Dissecting the Genetics of the Human Transcriptome identifies novel trait-related trans-eQTLs and corroborates the regulatory relevance of non-protein coding loci

Genetics of gene expression (eQTLs or expression QTLs) has proved an indispensable tool for understanding biological pathways and pathomechanisms of trait associated SNPs. However, power of most genome-wide eQTL studies is still limited. We performed a large eQTL study in peripheral blood mononuclear cells of 2,112 individuals increasing the power to detect trans-effects genome-wide. Going beyond univariate SNP-transcript associations, we analyse relations of eQTLs to biological pathways, polygenetic effects of expression regulation, trans-clusters, and enrichment of co-localised functional elements. We found eQTLs for about 85% of analysed genes, 18% of genes were trans-regulated. Local eSNPs were enriched up to a distance of 5 MB to the transcript challenging typically implemented ranges of cis-regulations. Pathway enrichment within regulated genes of GWAS-related eSNPs supported functional relevance of identified eQTLs. We demonstrate that nearest genes of GWAS-SNPs might often be misleading functional candidates. We identified novel trans-clusters of potential functional relevance for GWAS-SNPs of several phenotypes including obesity-related traits, HDL-cholesterol levels, and haematological phenotypes. We used chromatin immunoprecipitation data for demonstrating biological effects. We show for strongly heritable transcripts that a considerable gap still exists between total heritability resulting from all trans-chromosomes and explained variance of all identified trans-eSNPs. In contrast, the vast majority of most cis-heritability of these genes is already explained. Dissection of co-localised functional elements indicated a prominent role of SNPs in loci of pseudogenes and non-coding RNAs for the regulation of coding genes. In summary, our study substantially increases the catalogue of human eQTLs and improves our understanding of the complex genetic regulation of gene-expression, pathways and disease related processes. Gene expression from human blood mononuclear cells from individuals of the Leipzig LIFE Heart Study was analyzed applying Illumina HT-12 v4 Expression BeadChips. After preprocessing, 28,295 expression probes for 2,112 individuals remained for analysis. In a population-based analysis, we identified associations between DNA variants and RNA expression levels and characterized these findings.

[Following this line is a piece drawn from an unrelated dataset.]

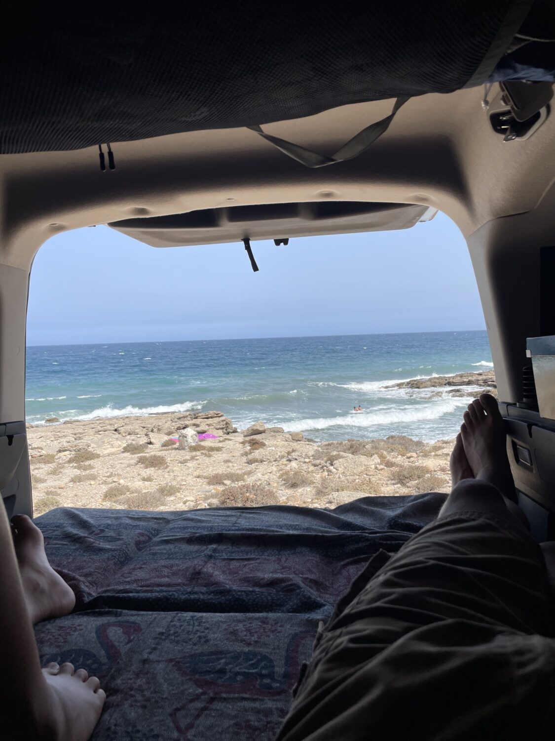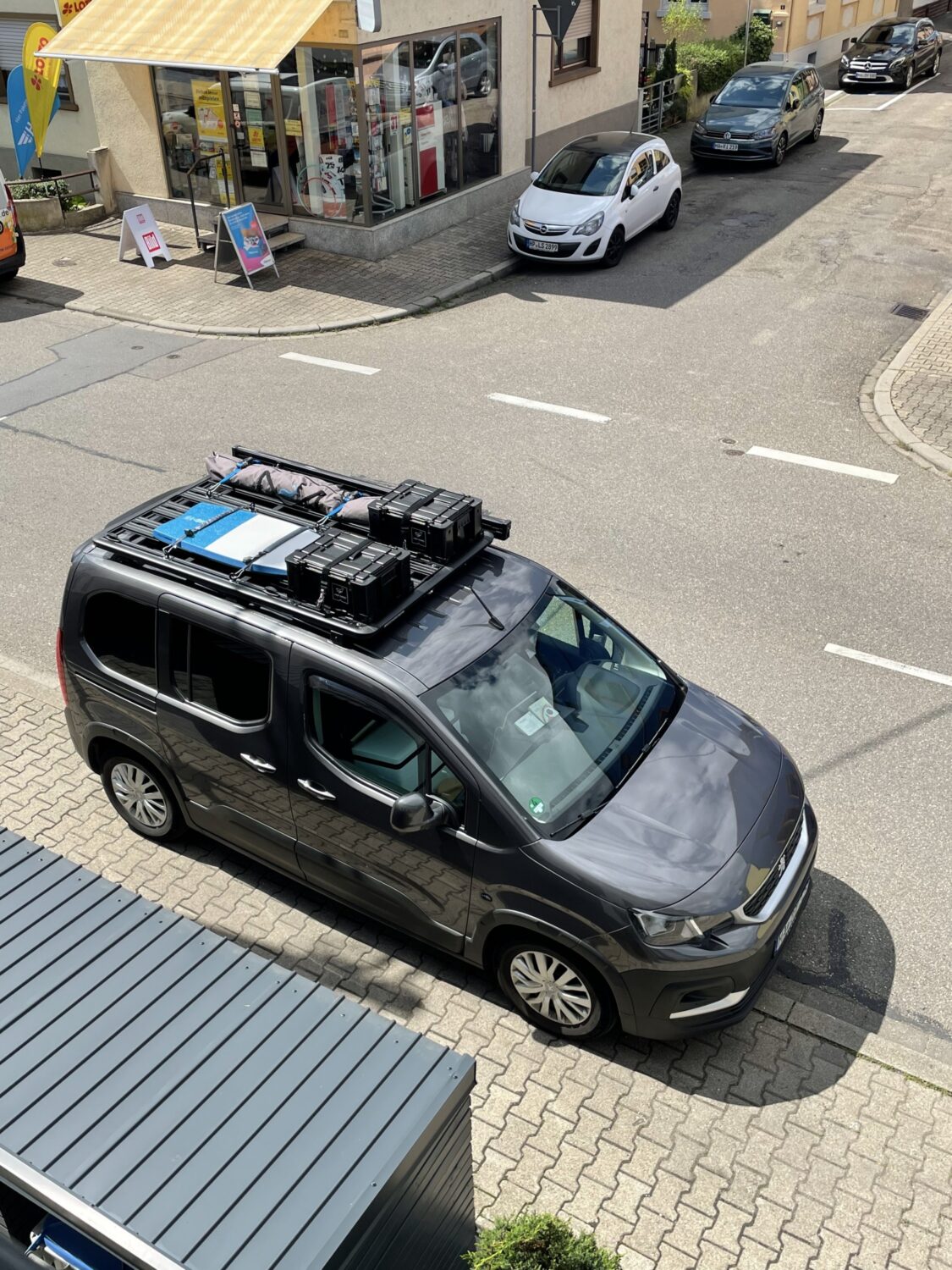 Wir haben uns für eine Campingbox von Campal entschieden, da das Fahrzeug ganz normal weiterhin als Familienfahrzeug fungiert. Auf dem Dach wurde ein Dachträger von Rhino-Rack mit Füßen von Frontrunner montiert. Hieran ist eine Markise von Sunseeker montiert. Wir haben eine Kompressorkühlbox, eine mobile Dusche (Decathlon), Tisch, Stühle, Bivyloo (Toilette), flexibles Solarpanel, Fensterberdunkelungen rundum und ein Stehzelt (Duschen, Toilette, Umziehen) dabei.

表达数量性状基因座（expression Quantitative Trait Loci，以下简称eQTLs）相关研究已被证明是解析生物学通路与性状相关单核苷酸多态性（Single Nucleotide Polymorphism，以下简称SNP，复数形式为SNPs）致病机制的不可或缺工具。然而，多数全基因组eQTL研究的统计效力仍较为有限。本研究针对2112名个体的外周血单个核细胞（peripheral blood mononuclear cells，以下简称PBMC）开展了大规模eQTL分析，提升了全基因组范围内反式效应的检测效力。本研究跳出单变量SNP-转录本关联分析的框架，解析了eQTL与生物学通路的关联、表达调控的多基因效应、反式调控簇，以及共定位功能元件的富集特征。 本研究在约85%的分析基因中检测到了eQTL，其中18%的基因存在反式调控现象。距转录本5Mb范围内的局部eSNP呈现显著富集，这一结果挑战了当前顺式调控常用的区间范围。针对与全基因组关联研究（Genome-Wide Association Study，以下简称GWAS）相关的eSNP所调控的基因进行通路富集分析，验证了所鉴定eQTL的功能相关性。本研究证实，GWAS-SNP的邻近基因往往并非可靠的功能候选靶点。我们还鉴定出多个与多种表型（包括肥胖相关性状、高密度脂蛋白胆固醇水平及血液学表型）的GWAS-SNP存在潜在功能关联的新型反式调控簇。本研究借助染色质免疫沉淀（Chromatin Immunoprecipitation，以下简称ChIP）数据验证了相关生物学效应。针对高遗传力转录本的分析显示，所有跨染色体位点带来的总遗传力与已鉴定的所有反式eSNP所能解释的变异量之间仍存在显著缺口；与之相反，这些基因的绝大多数顺式遗传力已得到充分解释。对共定位功能元件的拆解分析表明，假基因位点与非编码RNA区域内的SNP在编码基因的调控中发挥着重要作用。 综上，本研究极大扩充了人类eQTL收录集，并加深了我们对基因表达、生物学通路及疾病相关过程的复杂遗传调控机制的理解。 本研究针对莱比锡LIFE心脏研究队列中受试者的外周血单个核细胞基因表达数据进行分析，采用的实验平台为Illumina HT-12 v4表达微珠芯片。经预处理后，最终保留2112名个体的28295个表达探针用于后续分析。在基于人群的分析中，我们鉴定出DNA变异与RNA表达水平之间的关联，并对上述结果进行了系统表征。